3.3 Decomposition into major and minor arcs

Next we explain the decomposition (3.12). Let M be a parameter controlling the depth of approximation in Dirichlet’s theorem: for any irrational θ∈[0,1], there exists some q<M and (r,q)=1 so that |θ−r/q|<1/(qM). We will eventually set

$$ M=XT, $$

(3.15)

see (7.7) where this value is used. (Note that M is a bit bigger than N ^1/2=XT ^1/2.)

Writing θ=r/q+β, we introduce parameters

$$ Q_{0},\quad K_{0}, $$

(3.16)

small powers of N as determined in (6.2), so that the “major arcs” correspond to q<Q ₀ and |β|<K ₀/N. In fact, we need a smooth version of this decomposition.

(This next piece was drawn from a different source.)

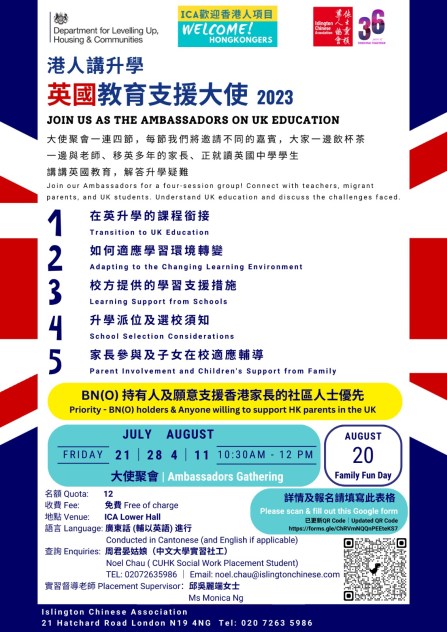 Join ICA’s four-session Ambassador Gatherings this summer and support Hong Kong parents navigating the UK’s educational, social, and cultural changes. Click the link for details and registration: https://forms.gle/p2ufddbZpW5AeWhK6

To this end, recall the “hat” function and its Fourier transform

$$ \frak {t}(x):=\min(1+x,1-x)^{+},\qquad \widehat{\frak {t}}(y)= \biggl({\sin(\pi y)\over\pi y} \biggr)^{2}. $$

(3.17)

Localize \(\frak {t}\) to the width K ₀/N, periodize it to the circle, and put this spike on each fraction in the major arcs:

$$ \frak {T}(\theta ) = \frak {T}_{N,Q_{0},K_{0}}(\theta ):=\sum _{q<Q_{0}}\sum_{(r,q)=1}\sum _{m\in \mathbb {Z}}\frak {t}\biggl({N\over K_{0}} \biggl(\theta +m-\frac{r}{q} \biggr) \biggr) . $$

(3.18)

By construction, \(\frak {T}\) lives on the circle \(\mathbb {R}/\mathbb {Z}\) and is supported within K ₀/N of fractions r/q with small denominator, q<Q ₀, as desired.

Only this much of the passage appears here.